------ Source material ------

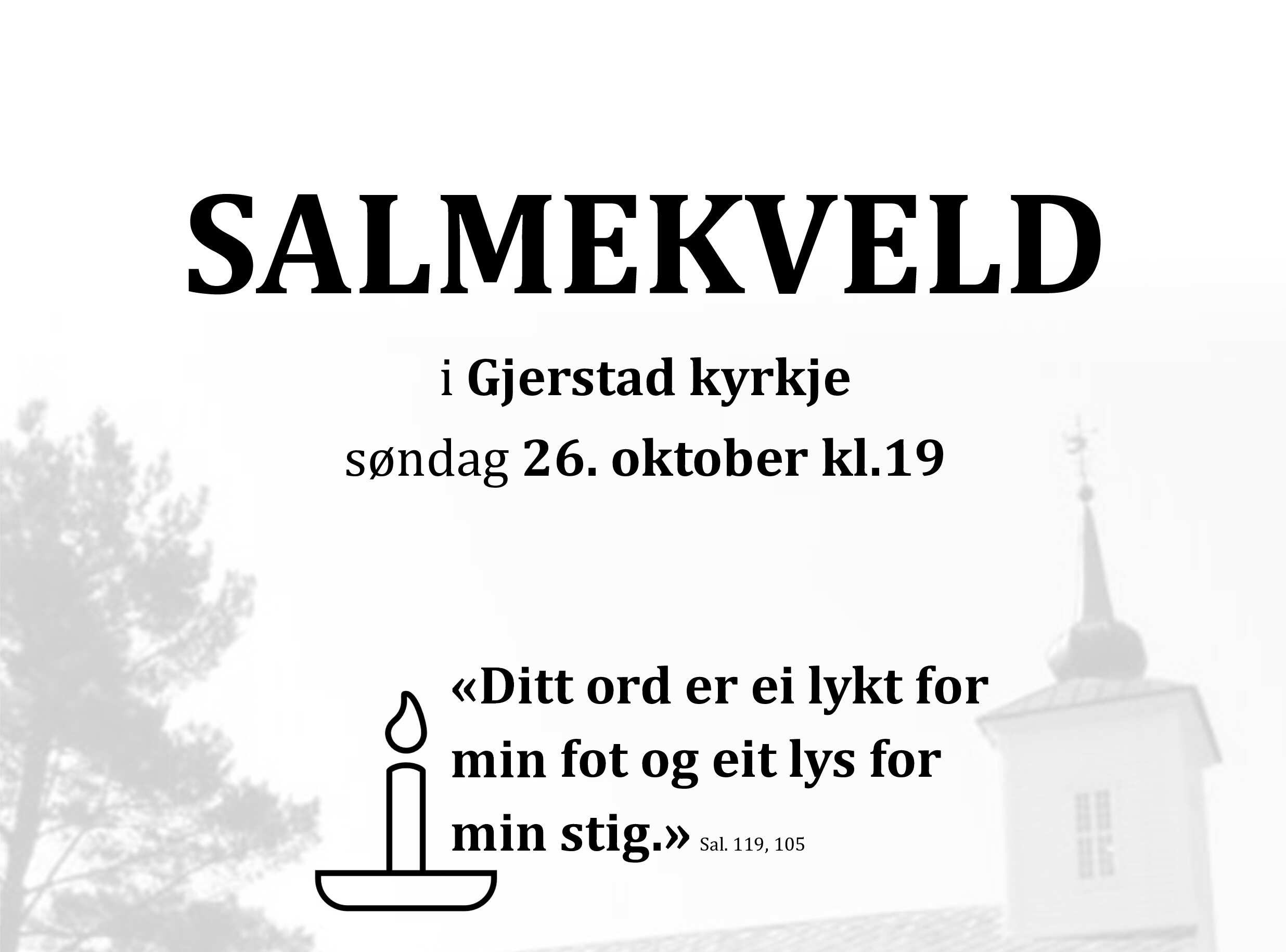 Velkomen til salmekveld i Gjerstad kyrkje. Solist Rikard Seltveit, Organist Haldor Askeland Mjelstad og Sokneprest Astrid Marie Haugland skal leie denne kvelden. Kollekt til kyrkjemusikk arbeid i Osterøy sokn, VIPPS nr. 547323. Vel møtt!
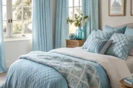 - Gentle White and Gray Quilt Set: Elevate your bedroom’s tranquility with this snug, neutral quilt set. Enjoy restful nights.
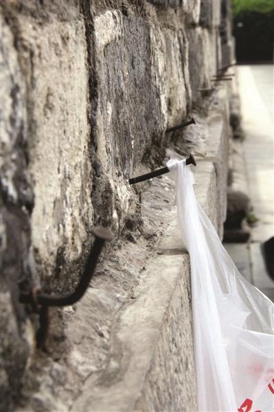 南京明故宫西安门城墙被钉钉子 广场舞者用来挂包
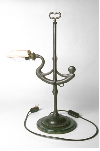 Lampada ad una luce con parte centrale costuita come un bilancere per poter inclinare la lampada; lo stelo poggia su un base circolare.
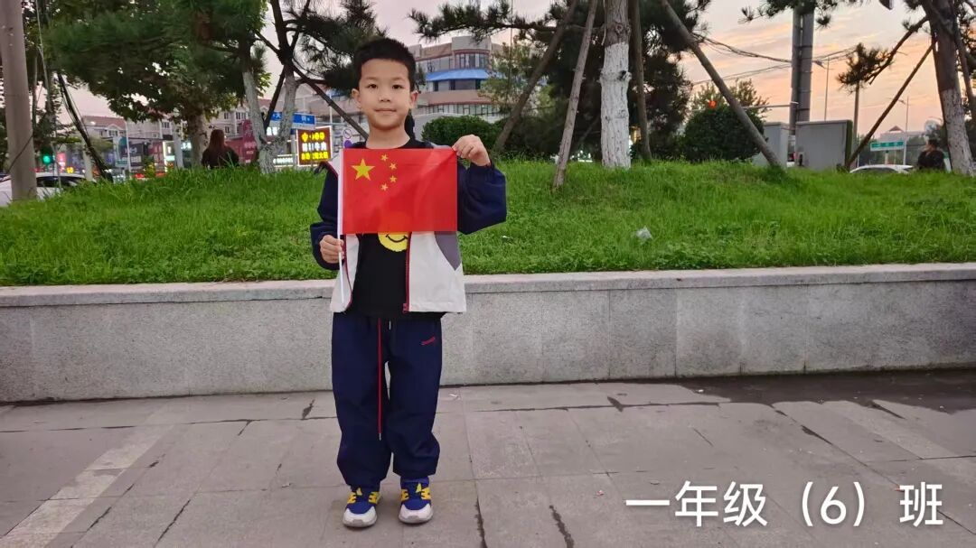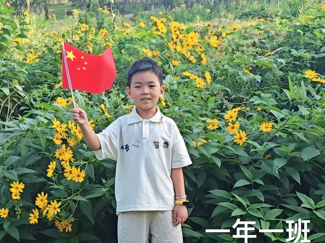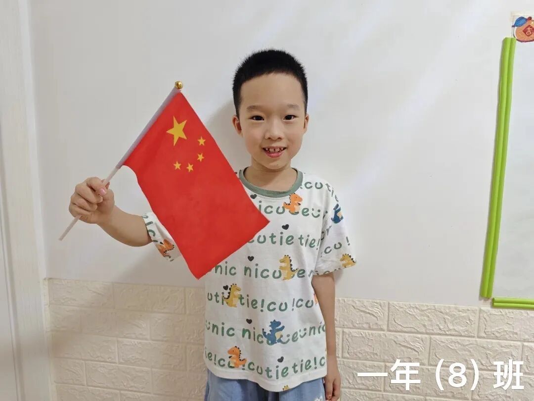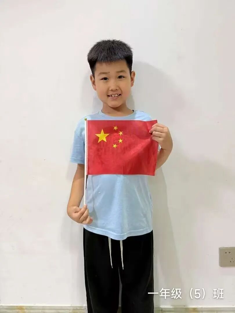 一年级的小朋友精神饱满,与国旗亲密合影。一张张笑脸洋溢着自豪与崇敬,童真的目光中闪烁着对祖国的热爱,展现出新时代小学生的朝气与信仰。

------

● Task statement:
Nothing outside the stretch above, from the line with "- Gentle White" through the line with "南京明故宫西安门城墙被钉钉子 广场舞者用来挂包", is set down. Transcribe that stretch exactly, ends included, but not its pictures.

● Answer to this problem:
 - Gentle White and Gray Quilt Set: Elevate your bedroom’s tranquility with this snug, neutral quilt set. Enjoy restful nights.
 南京明故宫西安门城墙被钉钉子 广场舞者用来挂包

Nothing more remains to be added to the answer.